Dans un élan de patriotisme qui a étrangement nécessité une annonce officielle, le secrétaire à la Défense John Healey a déclaré que le Royaume-Uni utilisera désormais des exemptions de sécurité nationale pour privilégier les entreprises britanniques lors de l'attribution des contrats de défense. S'exprimant au congrès du syndicat GMB mardi, Healey a dévoilé des plans pour donner un coup de pouce aux entreprises britanniques dans les décisions d'approvisionnement, qualifiant la nouvelle approche de « sans vergogne pro-britannique » – une phrase qui suggère que les approches précédentes étaient, eh bien, honteuses du concept.

L'annonce intervient alors que le gouvernement fait face à une pression croissante pour publier son plan d'investissement dans la défense longtemps retardé, un document qui a causé plus d'anxiété qu'une inspection surprise dans une installation nucléaire. Les syndicats et les entreprises de défense ont averti que le retard continu menace les emplois, les compétences et la sécurité nationale britanniques, ce qui semble être un ensemble assez complet de choses que vous voudriez protéger.

La chancelière Rachel Reeves a également exprimé sa frustration que trop de contrats gouvernementaux aillent à l'étranger, disant aux ministres du cabinet le mois dernier qu'ils doivent faire plus pour prioriser l'investissement en Grande-Bretagne. Healey a fait écho à ce sentiment, disant que la chancelière « avait raison récemment quand elle a dit que nous devons acheter britannique » – une déclaration si évidente qu'elle aurait pu être imprimée sur une tasse commémorative.

Healey a présenté des plans pour changer le système d'approvisionnement « sans dents », promettant de donner du crédit dans les futures décisions de contrats de défense aux entreprises basées au Royaume-Uni avec une « présence authentique et substantielle en Grande-Bretagne et des engagements à long terme envers les communautés et les chaînes d'approvisionnement britanniques ». Le gouvernement utilisera également davantage les exemptions de sécurité nationale en vertu de la loi sur les marchés publics de 2023, qui permet aux contrats de contourner entièrement les règles formelles d'appel d'offres concurrentiel.

Si un contrat de défense est « envoyé à l'étranger », Healey a déclaré que l'industrie sera tenue de créer des emplois au Royaume-Uni dans ce qu'il a appelé un « offset britannique » – essentiellement l'équivalent dans la défense de dire : « D'accord, mais vous devez aussi construire quelque chose ici. »

L'annonce fait suite à la lettre de Reeves à chaque ministre du cabinet les exhortant à « acheter britannique » autant que possible, mettant en évidence des secteurs clés comme la construction navale, l'acier, l'IA et les infrastructures énergétiques.

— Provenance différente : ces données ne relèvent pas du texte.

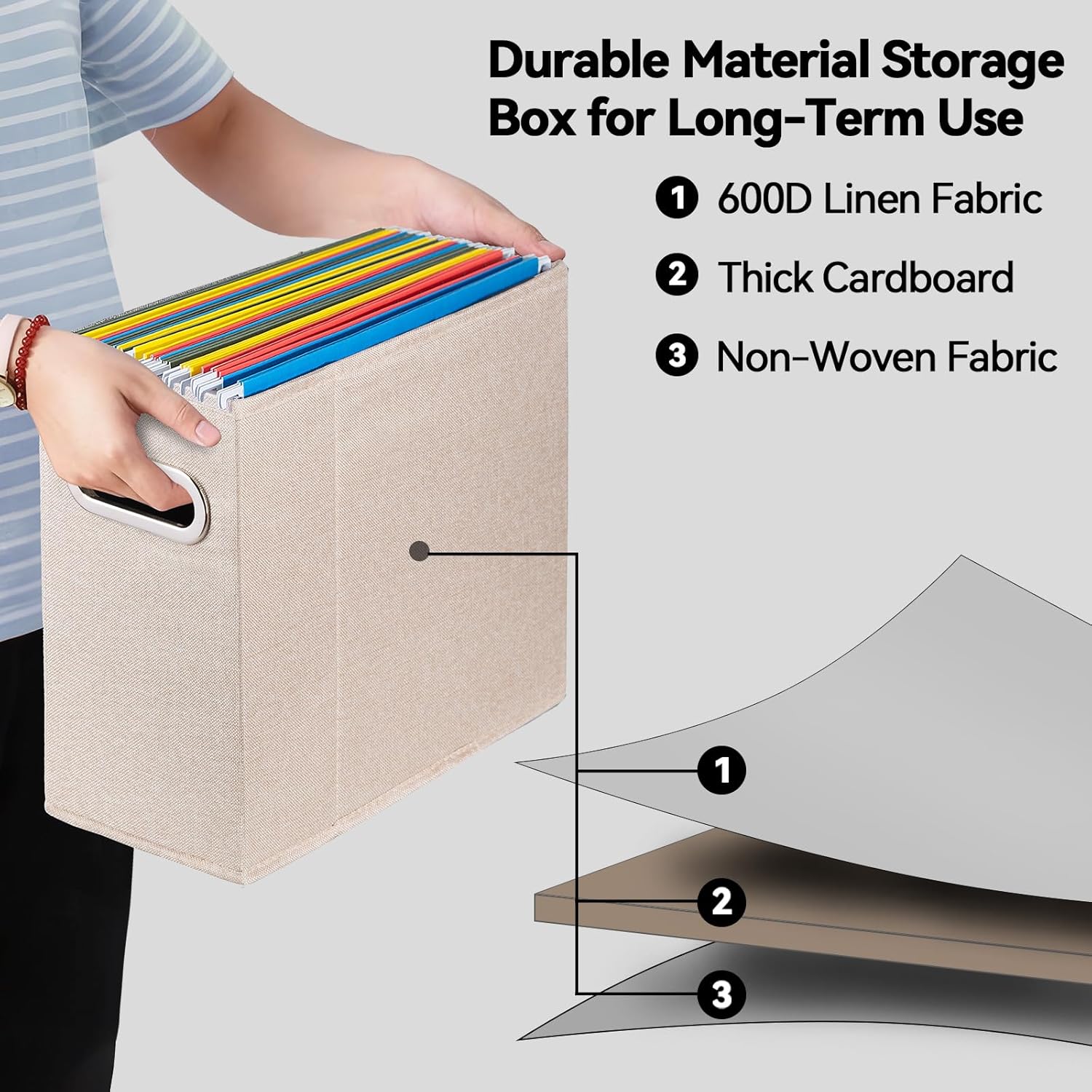 4 Packs Letter Size File Organizer, File Folders Organizer, Fabric Storage Box, Collapsible Paper Organizer with Metal Handle, Smooth PVC Rails, Only Box (Beige)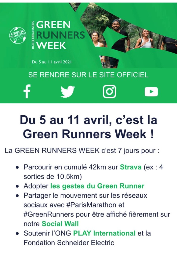 Challenge green runners week : prendre soin de soi tout en protégeant la nature. 7 jours pour courir le marathon de Paris. RDV sur strava pour s’inscrire gratuitement au challenge ou cliquer sur ce lien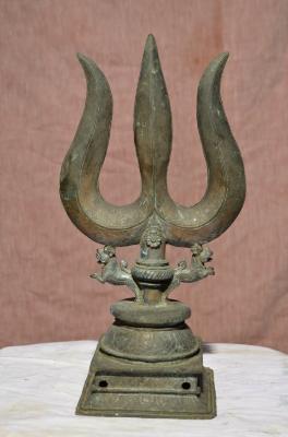 | Description / विवरण | Trisula is fixed on the padma peetam above the square pedestal. It is supported at the bottom side by two loin figures. |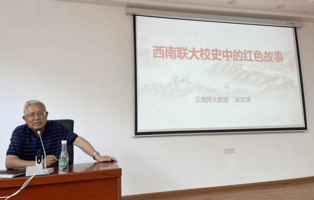 本次专题讲座由全国老有所为先进典型人物、云南省中国近代史研究会名誉会长、云南省政府特殊津贴获得者、云南师范大学吴宝璋教授主讲。吴宝璋以《西南联大校史中的红色故事》为题,讲述了联大党组织团结广大师生,在开展抗日爱国民主运动中发挥核心作用,以及西南联大地下党员参加革命斗争的传奇经历与流血牺牲的感人故事。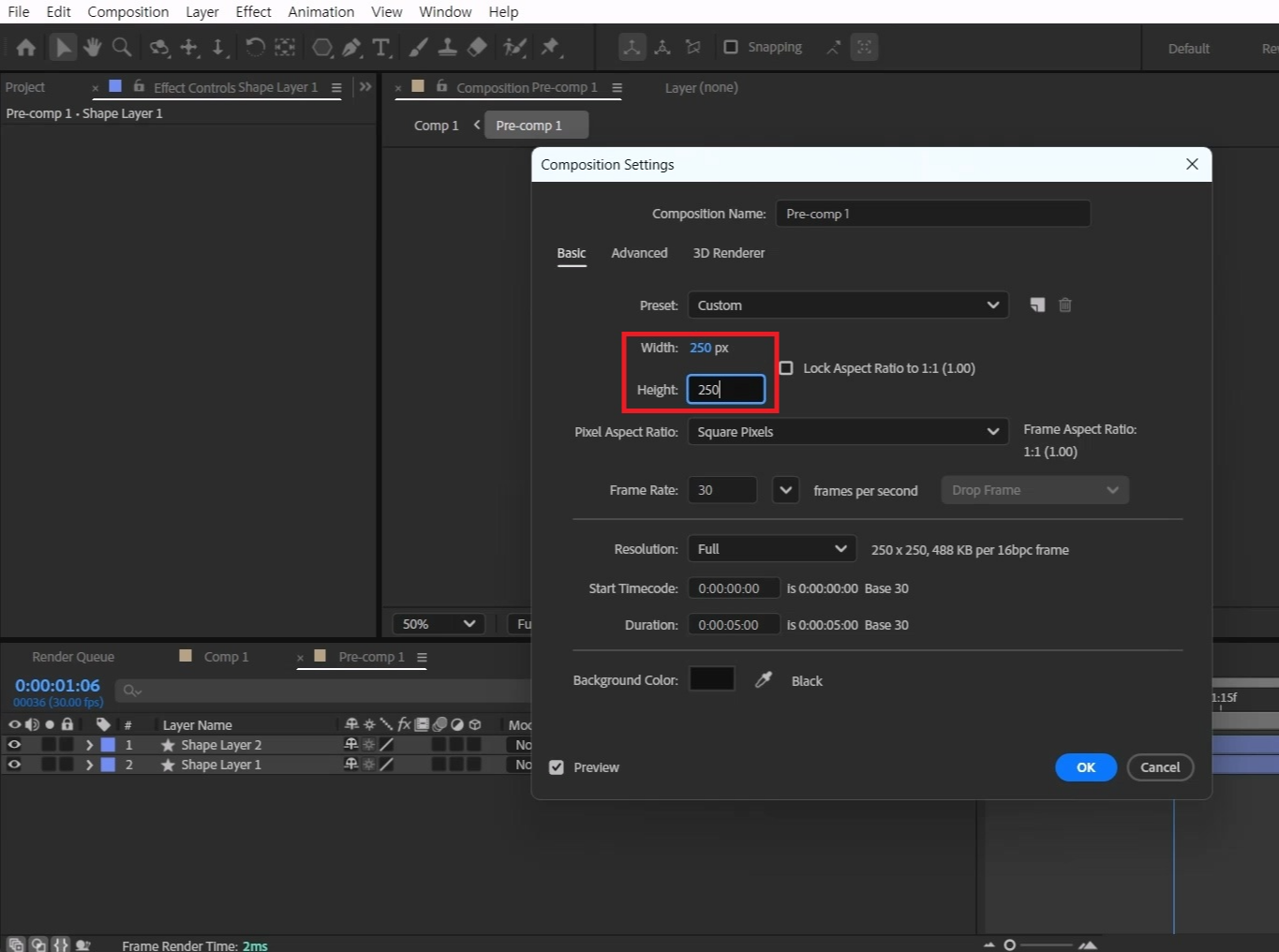 프리 컴프 안에 들가서 [Ctrl+K]로 컴프 사이즈를 250*250 크기를 조절합니다.

Reeves a fait valoir que les tensions mondiales actuelles montrent le besoin de résilience dans les secteurs critiques, ce qui est un raccourci diplomatique pour « nous manquons de choses à acheter sur le plan intérieur. »

Le timing est particulièrement urgent pour l'industrie de la défense. La semaine dernière, le directeur général d'ADS, Kevin Craven, a déclaré à la BBC que les entreprises britanniques « avaient vraiment du mal » en attendant le plan d'investissement dans la défense du gouvernement. « Nous avons vu des entreprises soit quitter le secteur, soit changer de direction, et cela continuera, aucun doute là-dessus », a-t-il dit.

Aeralis, une entreprise aérospatiale britannique développant un remplaçant pour l'avion de chasse des Red Arrows, est entrée en administration le mois dernier. Les administrateurs ont cité « des retards continus dans le plan d'investissement dans la défense du Royaume-Uni, combinés à des facteurs géopolitiques affectant les sources de financement » – une façon élégante de dire que l'entreprise a manqué d'argent en attendant que le gouvernement décide ce qu'il veut.

Le plan d'investissement dans la défense, initialement attendu pour être publié à l'automne 2025, pourrait maintenant paraître avant un sommet de l'OTAN le mois prochain. Mais il y a toujours des querelles internes sur le montant supplémentaire à allouer à la défense, avec des rapports suggérant que le ministère de la Défense estime avoir besoin de 28 milliards de livres supplémentaires pour remplir ses engagements. Parce que rien ne dit « sécurité nationale » comme un gouvernement qui ne peut pas se mettre d'accord sur combien dépenser pour elle.